The letter requesting proper notice about the firings of the inspectors general from Senators Grassley and Durbin, which Mr. Trump has not yet complied with, may be a glimmer of hope that congressional self-interest will reawaken. It should also serve as a reminder that pushback against Mr. Trump’s overreach requires more than just vigorous denunciation, which can be dismissed as merely political opposition to his agenda. Opportunities for bipartisan cooperation in defense of basic norms should be embraced.

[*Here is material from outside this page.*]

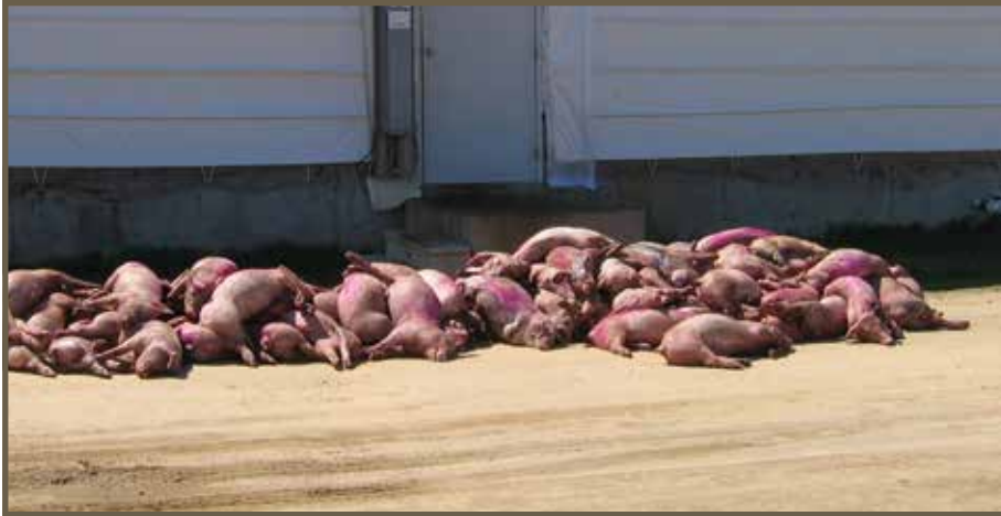
HIGH DEATH LOSS

The Catholic Church, which is itself monarchical in many respects and acknowledges the legitimacy of many different government structures, nevertheless recognizes the importance of checks on political authority—and has spoken in magisterial teaching on the question. In “Gaudium et Spes,” the Second Vatican Council taught that “If the political community is not to be torn apart while everyone follows his own opinion, there must be an authority to direct the energies of all citizens toward the common good, not in a mechanical or despotic fashion, but by acting above all as a moral force which appeals to each one’s freedom and sense of responsibility” (No. 74). In the United States, that authority and moral force has been committed not to a single body or person but to the structure of checks and balances embedded in our constitutional design and refined over the history of the republic.
Those constitutional norms protect the rights and freedom of all, including those without political power, and promote the common welfare, a vision broader than that promised by a populist leader pledging to restore an illusory golden age. In order for the United States to remain “a government of laws, not of men,” all officials entrusted with elected authority must recognize the necessity and justice of constraints on their own power. Likewise, they must work together to reinforce such constraints against those who do not.